Scientific classification
- Kingdom: Plantae
- Clade: Tracheophytes
- Clade: Angiosperms
- Clade: Monocots
- Order: Liliales
- Family: Melanthiaceae
- Genus: Trillium
- Species: T. stamineum
- Binomial name: Trillium stamineum Harb.
- Synonyms: Trillium stamineum f. luteum J.D.Freeman;

= Trillium stamineum =

- Genus: Trillium
- Species: stamineum
- Authority: Harb.
- Conservation status: G4
- Synonyms: Trillium stamineum f. luteum J.D.Freeman

Species of flowering plant

Trillium stamineum, the twisted trillium, also known as the Blue Ridge wakerobin, is a species of flowering plant in the family Melanthiaceae. It is native to the southeastern United States, in Alabama, Mississippi and Tennessee. Its natural habitat is calcareous woodlands.

==Description==
Trillium stamineum is a perennial herbaceous plant that spreads by means of underground rhizomes. The plant has three sessile bracts (leaves) arranged in a whorl about a pubescent scape (stem) that rises directly from the rhizome 15 to 30 cm high. The ovate leaves, 6.3 to 7.6 cm long by 3.3 to 5 cm wide, are bluish-green with strong mottling that fades with age.

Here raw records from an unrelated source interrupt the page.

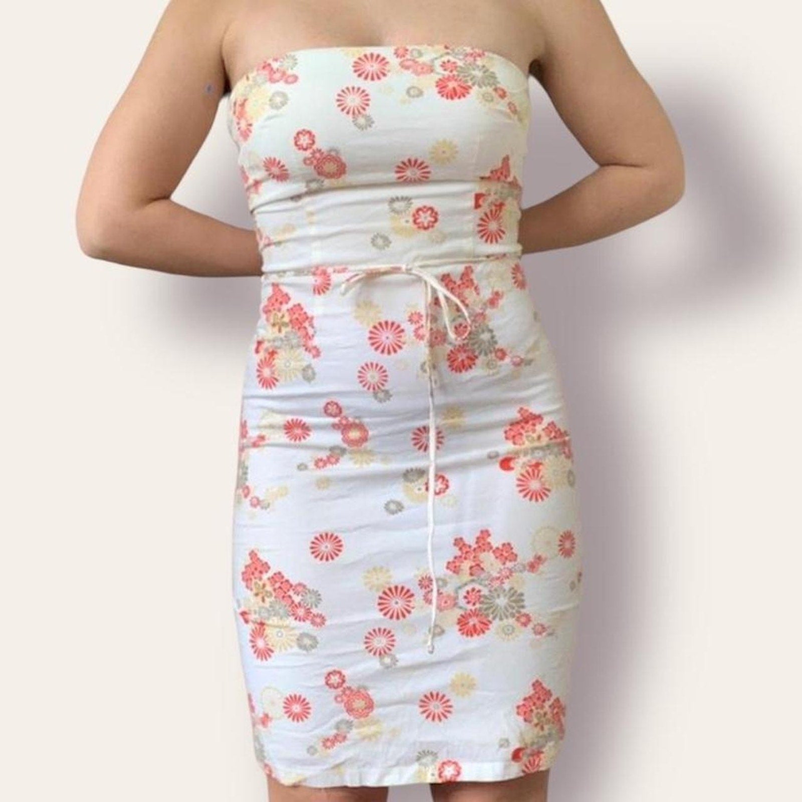 ♡ white, red and yellow/ brown floral patterned dress. Bodycon fit with tube style strapless top. Waist tie and back zipper. Little to no stretch in the material.
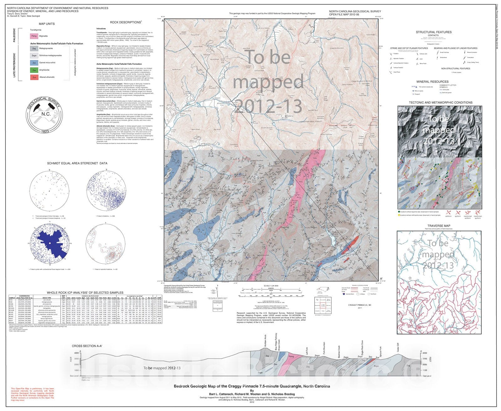 Map : Bedrock geologic map of the Craggy Pinnacle 7.5-minute Quadrangle, North Carolina , 2012 Cartography Wall Art :
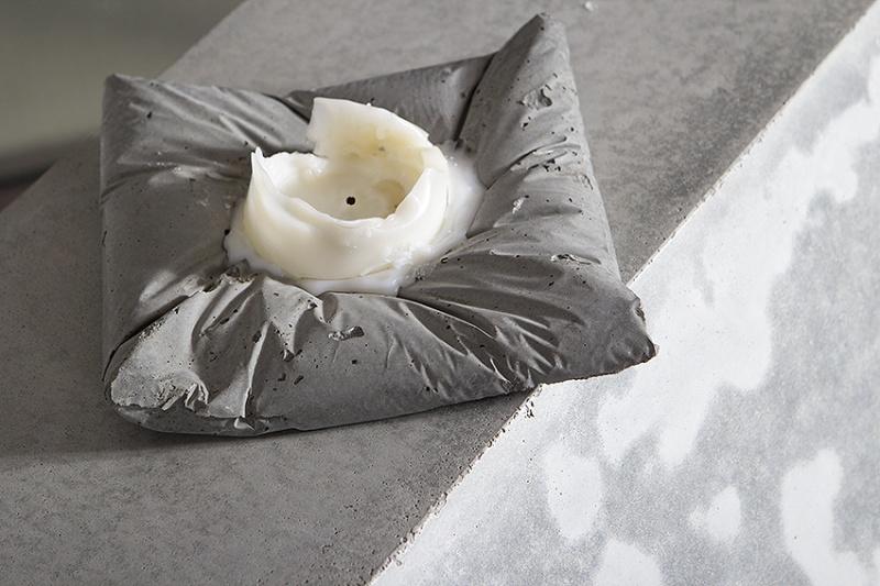 Betonowa poduszka? Brzmi absurdalnie, ale nie dla projektantów Morgan & Möller, którzy postanowili, przewrotnie, przełamać skojarzenia miękkiej tkaniny i wygodnego łóżka, zestawiając kształt poduszki z trwałą mieszanką betonu. Świecznik Pillow jest nie tylko ciekawy, ale także funkcjonalny. Wgłębienie, które imituje odgniecenie na poduszce, uniemożliwia przelanie się wosku na mebel czy parapet. Jego pozostałości, które osadziły się wokół świecy, łatwo można usunąć podważając nożem.

T. stamineum flowers between March and May, depending on latitude. A solitary flower is carried directly on the leaves. Unlike other sessile-flowered trilliums, the petals spread horizontally (instead of vertically) exposing stiffly erect stamens 16 to 24 mm long. The dark maroon petals, 1.5 to 2.8 cm long by 0.3 to 0.6 cm wide, have a distinctive twist along their major axis. The carrion-scented flower of this species attracts scavenging flies and other insects for pollination.

All flower parts (stamens, filaments, anthers, ovary, stigmas) are purple or dark purple. Even the fruit is purple. In 1975, Freeman described a form that is devoid of purple pigment, which he called Trillium stamineum f. luteum. That name is now regarded as a synonym.

In 1901, Harbison compared Trillium stamineum to Trillium sessile. The former is distinguished by its pubescent stem, unusual petals, long erect stamens, and very short filaments.

==Taxonomy==
Trillium stamineum was named and described by the American botanist Thomas Grant Harbison in 1901.

==Bibliography==
- Case, Frederick W. (1997). "Trilliums"
- Freeman, J. D. (1975). "Revision of Trillium subgenus Phyllantherum (Liliaceae)"
- Harbison, Thomas G. (1901). "New or little known species of Trillium"
- Shaver, Jesse M. (1957). "Some notes on Trillium stamineum Harbison in Tennessee"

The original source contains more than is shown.